August 22, 2019 by John Fernandez
A Healthy Lunchbox: As Easy As 1-2-3
As you ready back-to-school preparations, don’t forget healthy lunches. Ensuring a healthy future for our children starts with a healthy lifestyle based on daily physical activity, adequate sleep and nutritious meals, including school lunches.
According to the American Heart Association (AHA), 91 percent of children in the U.S. have a poor diet. They tend to eat too much salt, sugar and fat, increasing the risk of having heart disease as an adult.
Lunch is an important time for kids to refuel their minds for classroom success — and for after-school sports. It may be a daunting task to pack something that is healthy AND appealing to kids. Baptist Health Registered Dietician Lucette Talamas provides simple tips and healthy snack hacks.
Making a healthy lunch box is as easy as 1-2-3
- Lunch box safety. Your child can choose a “cool” lunch box, but make sure it is insulated to keep food safe. Rule of thumb: Keep cold foods cold and hot foods hot.
- The 5 food groups. Plan to include as many food group choices based on My Plate guidelines. Here are a few lunch box-friendly ideas:
Add veggies to a sandwich, including sliced bell peppers, cucumbers or dark leafy greens. Pack a bag of cut carrots or celery with a bean dip like hummus.
The list is endless. Alternate choices by offering what is in season and thinking beyond apples and bananas! Pack extra for an after-school snack.
Offer a variety of lean proteins, including chicken or turkey, hard-boiled eggs or tuna. Other options include plant-based protein sources like beans and lentils (mmm chili).
Aim for half of your grain choices to be whole grain, including whole grain bread, rice or pasta. Use caution with whole grain cereals and bars, which may be loaded with added sugar.
If your child is bringing a home-packed lunch, it may also be possible to buy a milk carton at school. Low-fat cheese or yogurt can also be included in their lunches.

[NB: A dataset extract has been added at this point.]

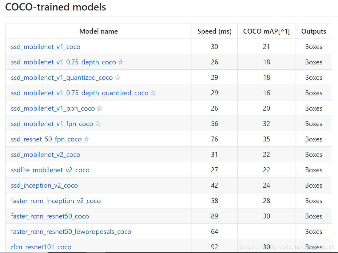 1、train_config中的fine_tune_checkpoint:用于指出已有模型的路径。Google提供的已有模型可以在model zoo里找到并下载,部分model的性能列表如下。这里我们选择速度快、准确率相对偏低的ssd_mobilenet_v1_coco。之后的from_detection_checkpoint用于选择是基于分类的模型还是识别的模型,一般都设为True,选择效果更好的识别的模型。

- Beware of added sugars. From fruit jelly, fruity snacks, cereal bars and sugary drinks, the amount of added sugars can really build up in one lunch box. Before purchasing packaged items, review the Nutrition Facts label for grams of sugar and ingredients list to identify products that have less sugar, or even better – no added sugar.
Easy Eats From the 5 Food Groups:
Cold Pasta Primavera Salad
2 cups whole wheat rotini pasta, cooked
1 cup shelled edamame, cooked
1 cup broccoli, chopped into bite-size pieces
1 cup of cherry tomatoes, sliced in half
¼ cup black olives, sliced
Dressing of choice (olive oil, red wine vinegar, and oregano used here)
Salt and pepper to taste
- Boil pasta according to the directions on the package. Drain and allow to cool.
- While the pasta is boiling and cooling, rinse vegetables under running water and slice accordingly.
- Once pasta has cooled, toss all ingredients in a large bowl. Add small amount of a dressing (i.e. a vinaigrette) and toss.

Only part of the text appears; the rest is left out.